## Task inputs

*** Begin section ***

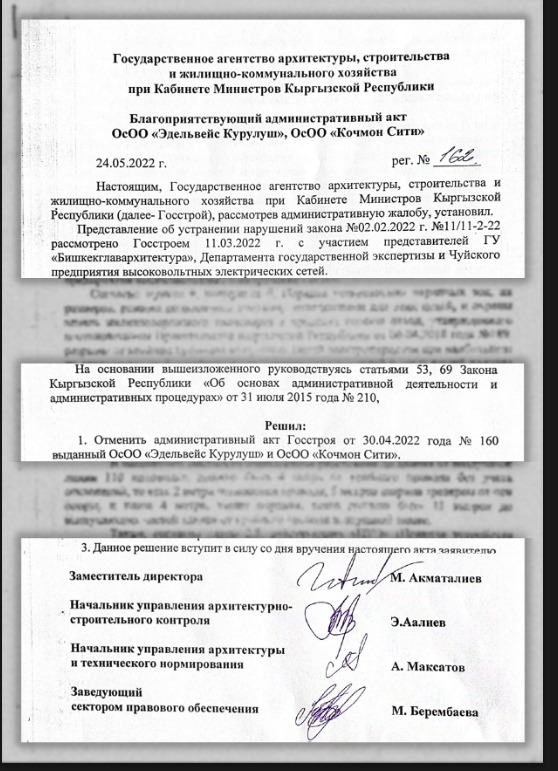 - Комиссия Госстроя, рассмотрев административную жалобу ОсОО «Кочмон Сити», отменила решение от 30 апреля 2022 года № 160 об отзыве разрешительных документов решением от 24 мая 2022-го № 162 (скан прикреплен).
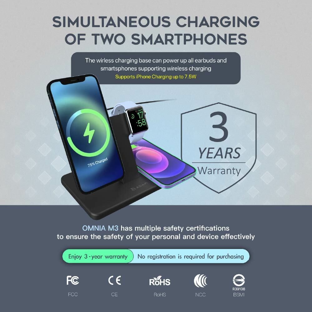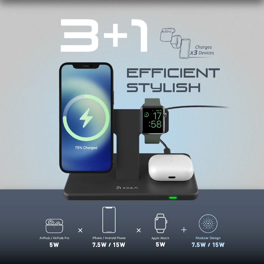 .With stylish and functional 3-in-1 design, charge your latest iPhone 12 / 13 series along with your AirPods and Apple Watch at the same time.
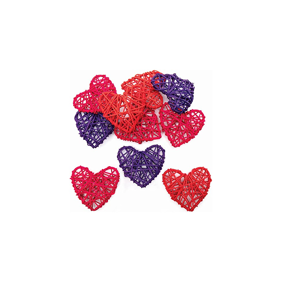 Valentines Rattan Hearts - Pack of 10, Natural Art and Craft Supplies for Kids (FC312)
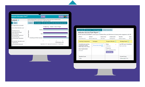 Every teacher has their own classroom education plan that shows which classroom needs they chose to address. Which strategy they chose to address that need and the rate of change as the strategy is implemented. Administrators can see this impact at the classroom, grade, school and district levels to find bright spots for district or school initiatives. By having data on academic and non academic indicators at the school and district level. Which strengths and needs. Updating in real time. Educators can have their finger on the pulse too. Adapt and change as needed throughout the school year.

*** End section ***
*** Begin section ***

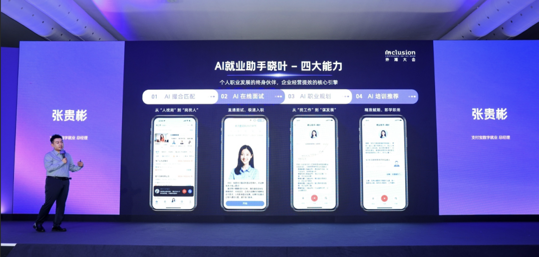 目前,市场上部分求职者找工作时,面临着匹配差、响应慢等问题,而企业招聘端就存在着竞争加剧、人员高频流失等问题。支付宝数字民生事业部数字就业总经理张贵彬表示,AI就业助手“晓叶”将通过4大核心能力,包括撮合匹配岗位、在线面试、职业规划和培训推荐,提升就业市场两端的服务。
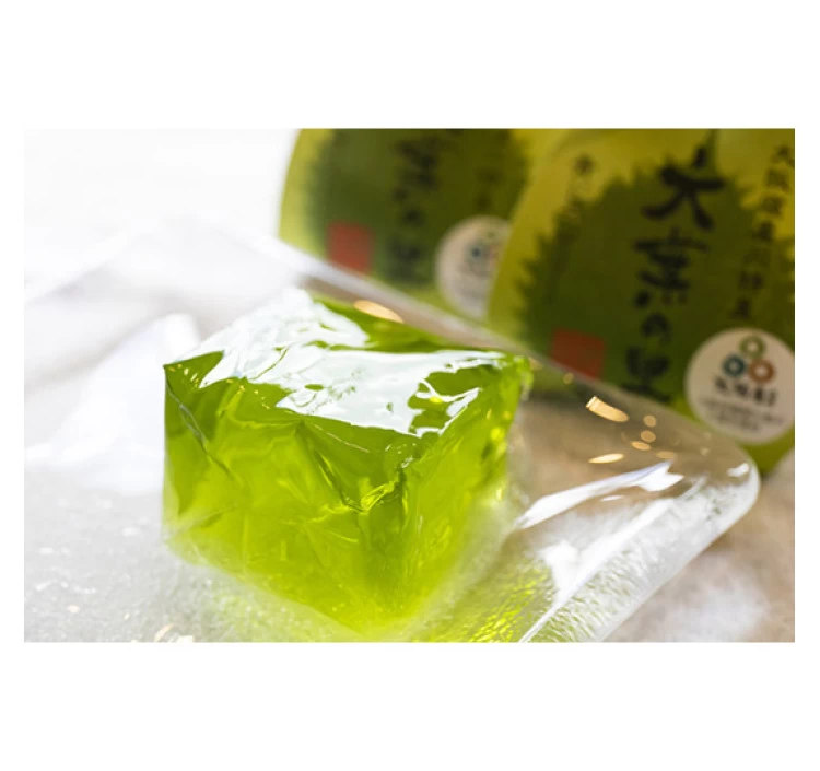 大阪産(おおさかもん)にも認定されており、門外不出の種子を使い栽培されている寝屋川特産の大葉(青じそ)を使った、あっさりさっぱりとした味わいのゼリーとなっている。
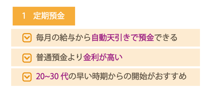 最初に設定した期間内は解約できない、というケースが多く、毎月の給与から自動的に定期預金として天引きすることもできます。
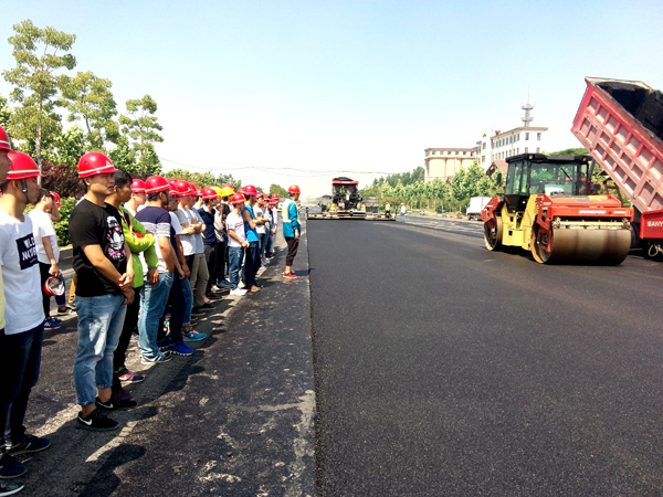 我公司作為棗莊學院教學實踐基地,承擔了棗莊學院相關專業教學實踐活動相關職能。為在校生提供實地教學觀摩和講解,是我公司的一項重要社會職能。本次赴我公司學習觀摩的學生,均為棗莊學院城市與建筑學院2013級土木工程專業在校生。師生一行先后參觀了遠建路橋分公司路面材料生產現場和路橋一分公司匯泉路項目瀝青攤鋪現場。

*** End section ***
*** Begin section ***

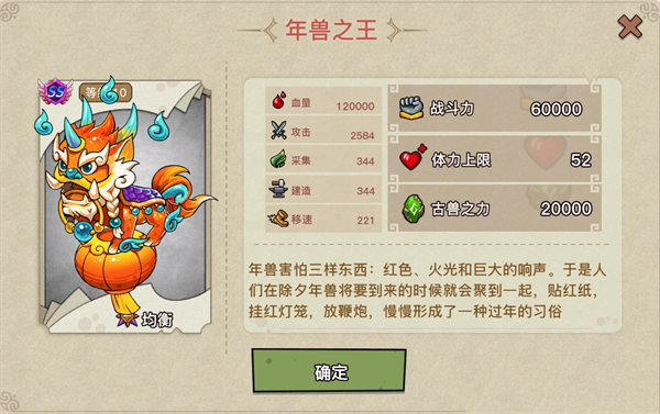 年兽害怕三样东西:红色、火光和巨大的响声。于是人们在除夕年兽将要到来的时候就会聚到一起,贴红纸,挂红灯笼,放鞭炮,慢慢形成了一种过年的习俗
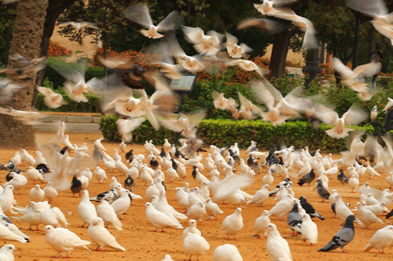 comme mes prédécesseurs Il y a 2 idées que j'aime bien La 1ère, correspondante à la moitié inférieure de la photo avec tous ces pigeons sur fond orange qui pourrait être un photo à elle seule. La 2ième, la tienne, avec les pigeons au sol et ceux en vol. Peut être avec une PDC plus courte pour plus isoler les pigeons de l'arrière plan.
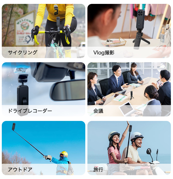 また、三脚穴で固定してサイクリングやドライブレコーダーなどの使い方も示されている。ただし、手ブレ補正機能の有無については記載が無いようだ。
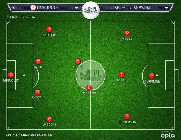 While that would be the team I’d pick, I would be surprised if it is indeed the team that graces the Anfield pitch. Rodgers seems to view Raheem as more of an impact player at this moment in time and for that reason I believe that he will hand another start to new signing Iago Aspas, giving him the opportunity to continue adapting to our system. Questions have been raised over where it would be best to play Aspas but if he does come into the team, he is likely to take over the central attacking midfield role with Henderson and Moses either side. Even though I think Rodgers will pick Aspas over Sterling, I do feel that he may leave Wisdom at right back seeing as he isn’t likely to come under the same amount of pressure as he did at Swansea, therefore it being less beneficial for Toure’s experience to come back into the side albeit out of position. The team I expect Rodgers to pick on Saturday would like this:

*** End section ***

## Your objective
With the pictures removed from your copy, retype the lines above from the one that contains "comme mes prédécesseurs" through the one that contains "また、三脚穴で固定してサイク", exactly.

## Solution to this task
 comme mes prédécesseurs Il y a 2 idées que j'aime bien La 1ère, correspondante à la moitié inférieure de la photo avec tous ces pigeons sur fond orange qui pourrait être un photo à elle seule. La 2ième, la tienne, avec les pigeons au sol et ceux en vol. Peut être avec une PDC plus courte pour plus isoler les pigeons de l'arrière plan.
 また、三脚穴で固定してサイクリングやドライブレコーダーなどの使い方も示されている。ただし、手ブレ補正機能の有無については記載が無いようだ。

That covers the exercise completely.